'''

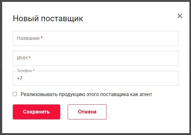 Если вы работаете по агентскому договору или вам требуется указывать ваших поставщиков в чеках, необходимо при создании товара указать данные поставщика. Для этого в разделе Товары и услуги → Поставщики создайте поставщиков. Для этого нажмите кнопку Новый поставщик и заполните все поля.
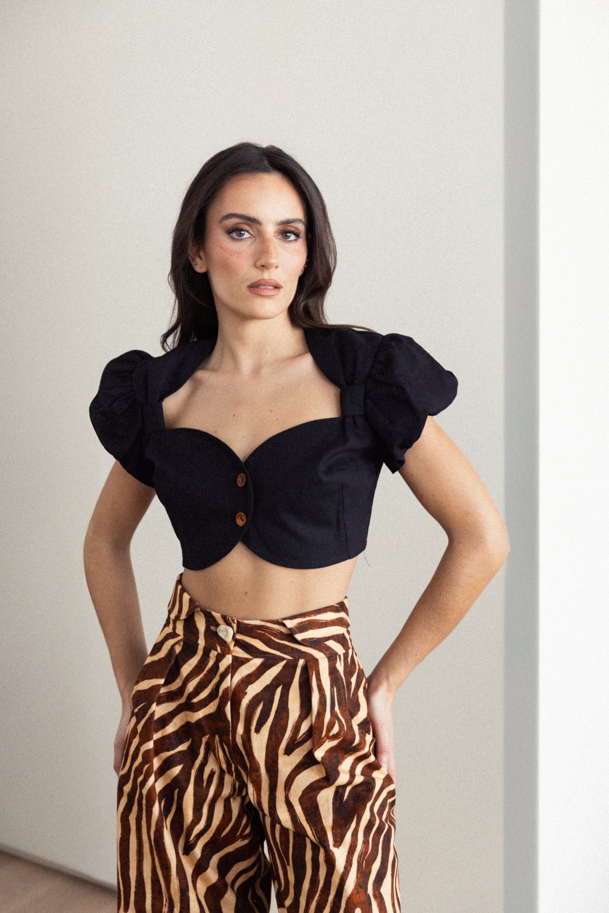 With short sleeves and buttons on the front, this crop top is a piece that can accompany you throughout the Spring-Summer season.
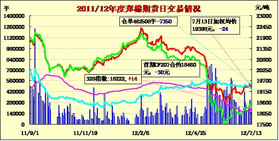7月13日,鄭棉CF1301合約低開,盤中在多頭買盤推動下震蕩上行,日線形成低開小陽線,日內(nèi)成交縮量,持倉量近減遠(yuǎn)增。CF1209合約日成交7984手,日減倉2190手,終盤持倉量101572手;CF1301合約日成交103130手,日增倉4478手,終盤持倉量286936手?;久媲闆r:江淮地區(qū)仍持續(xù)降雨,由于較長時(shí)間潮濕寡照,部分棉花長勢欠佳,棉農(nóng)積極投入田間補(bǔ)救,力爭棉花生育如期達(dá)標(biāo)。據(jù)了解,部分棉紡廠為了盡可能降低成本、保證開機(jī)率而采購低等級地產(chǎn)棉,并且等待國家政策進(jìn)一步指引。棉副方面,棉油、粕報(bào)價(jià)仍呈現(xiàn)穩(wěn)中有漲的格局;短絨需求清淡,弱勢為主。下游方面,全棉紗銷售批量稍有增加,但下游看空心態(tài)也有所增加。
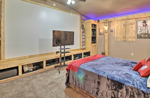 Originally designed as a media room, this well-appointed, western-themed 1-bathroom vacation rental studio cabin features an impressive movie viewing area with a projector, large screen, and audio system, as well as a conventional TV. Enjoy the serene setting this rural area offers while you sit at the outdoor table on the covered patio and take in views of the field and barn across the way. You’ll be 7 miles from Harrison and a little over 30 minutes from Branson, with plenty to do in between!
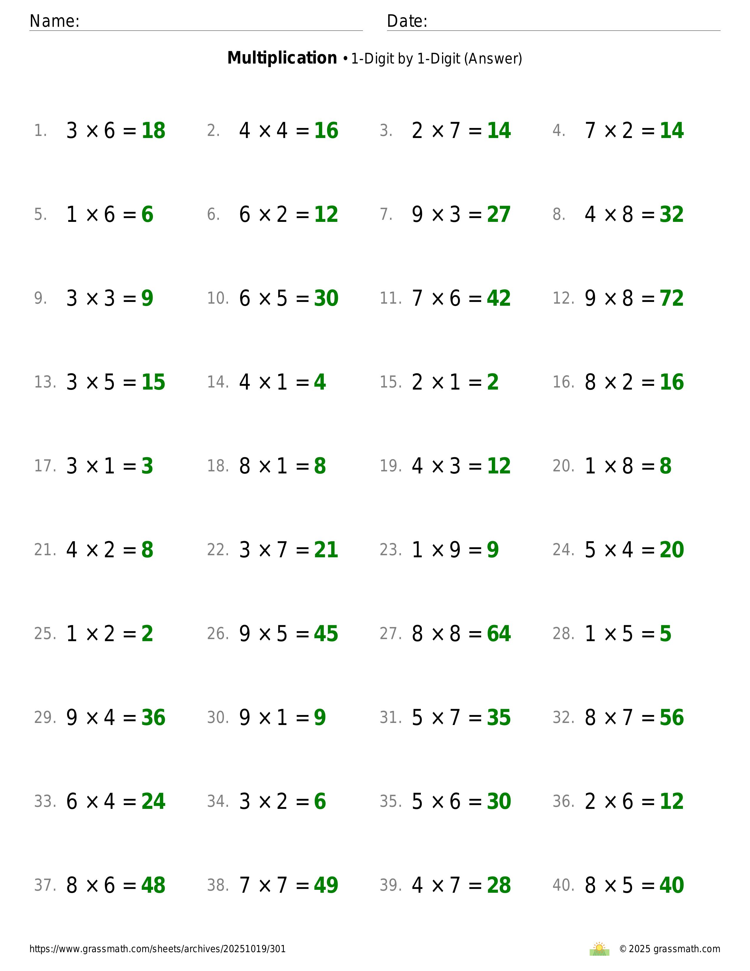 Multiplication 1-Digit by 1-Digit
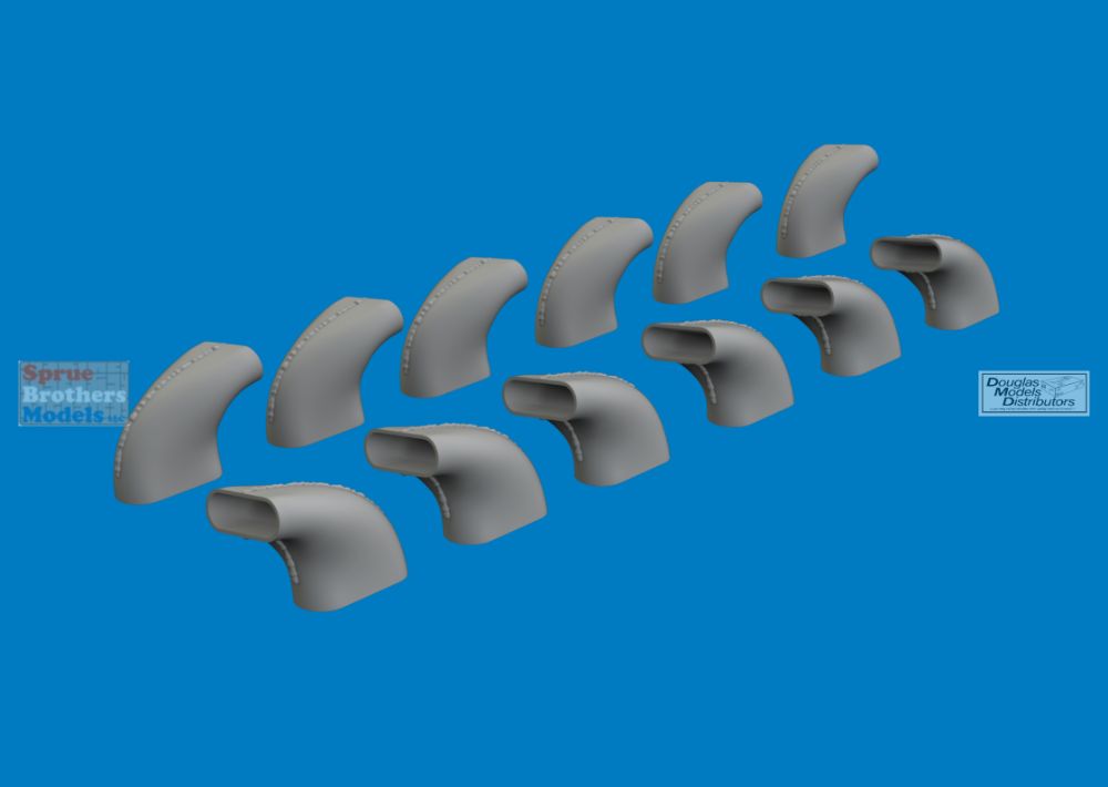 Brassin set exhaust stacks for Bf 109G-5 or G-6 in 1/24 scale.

'''
'''

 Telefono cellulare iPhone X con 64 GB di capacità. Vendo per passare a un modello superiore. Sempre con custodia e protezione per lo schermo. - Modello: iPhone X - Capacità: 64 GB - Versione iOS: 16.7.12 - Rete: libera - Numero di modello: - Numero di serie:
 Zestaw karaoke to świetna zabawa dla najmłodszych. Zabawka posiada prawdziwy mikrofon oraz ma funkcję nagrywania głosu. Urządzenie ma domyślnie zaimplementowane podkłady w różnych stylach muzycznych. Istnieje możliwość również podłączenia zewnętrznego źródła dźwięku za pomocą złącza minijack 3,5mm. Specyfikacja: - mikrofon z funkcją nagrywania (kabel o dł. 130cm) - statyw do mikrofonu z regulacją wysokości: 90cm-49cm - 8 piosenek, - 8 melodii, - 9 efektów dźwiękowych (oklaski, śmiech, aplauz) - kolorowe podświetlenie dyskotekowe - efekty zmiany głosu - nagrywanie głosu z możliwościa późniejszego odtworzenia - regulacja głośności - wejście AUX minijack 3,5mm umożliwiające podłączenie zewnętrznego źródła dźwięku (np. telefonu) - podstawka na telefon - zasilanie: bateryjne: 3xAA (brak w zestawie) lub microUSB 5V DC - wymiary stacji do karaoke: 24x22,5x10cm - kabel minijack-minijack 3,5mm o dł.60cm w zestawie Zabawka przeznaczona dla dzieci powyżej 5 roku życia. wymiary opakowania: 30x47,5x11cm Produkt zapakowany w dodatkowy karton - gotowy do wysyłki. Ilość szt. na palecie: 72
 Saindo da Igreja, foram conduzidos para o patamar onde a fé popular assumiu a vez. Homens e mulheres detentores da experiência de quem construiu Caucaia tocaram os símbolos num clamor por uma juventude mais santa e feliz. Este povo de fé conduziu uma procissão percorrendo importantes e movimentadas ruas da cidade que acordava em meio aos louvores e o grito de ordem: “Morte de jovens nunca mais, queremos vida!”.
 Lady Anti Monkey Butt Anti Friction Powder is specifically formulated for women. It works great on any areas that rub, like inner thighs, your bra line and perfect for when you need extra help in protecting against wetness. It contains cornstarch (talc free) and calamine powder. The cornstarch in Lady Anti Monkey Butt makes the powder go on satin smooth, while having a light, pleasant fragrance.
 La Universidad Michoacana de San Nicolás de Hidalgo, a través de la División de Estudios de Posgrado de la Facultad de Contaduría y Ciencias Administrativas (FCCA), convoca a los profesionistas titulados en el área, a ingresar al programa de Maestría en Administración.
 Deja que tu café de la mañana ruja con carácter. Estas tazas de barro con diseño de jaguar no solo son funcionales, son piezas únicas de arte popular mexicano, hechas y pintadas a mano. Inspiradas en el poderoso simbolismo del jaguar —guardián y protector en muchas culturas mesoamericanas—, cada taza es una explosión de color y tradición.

'''
'''

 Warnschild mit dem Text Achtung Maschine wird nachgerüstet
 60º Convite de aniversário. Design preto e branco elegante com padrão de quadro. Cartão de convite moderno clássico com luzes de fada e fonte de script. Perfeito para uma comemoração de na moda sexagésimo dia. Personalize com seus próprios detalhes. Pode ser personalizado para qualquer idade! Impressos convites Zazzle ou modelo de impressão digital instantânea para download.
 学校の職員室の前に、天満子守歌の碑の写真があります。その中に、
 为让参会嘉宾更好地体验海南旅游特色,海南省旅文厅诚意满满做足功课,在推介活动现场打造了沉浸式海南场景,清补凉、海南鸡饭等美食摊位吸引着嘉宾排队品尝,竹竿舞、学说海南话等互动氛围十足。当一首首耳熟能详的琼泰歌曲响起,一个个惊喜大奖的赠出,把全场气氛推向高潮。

'''

About this task:
Print the part of the listing above that opens with the line containing "Multiplication 1-Digit by 1-Digit" and closes with the line containing "Brassin set exhaust". Copy it exactly, both ends included, and omit the pictures.

Answer to this task:
 Multiplication 1-Digit by 1-Digit
 Brassin set exhaust stacks for Bf 109G-5 or G-6 in 1/24 scale.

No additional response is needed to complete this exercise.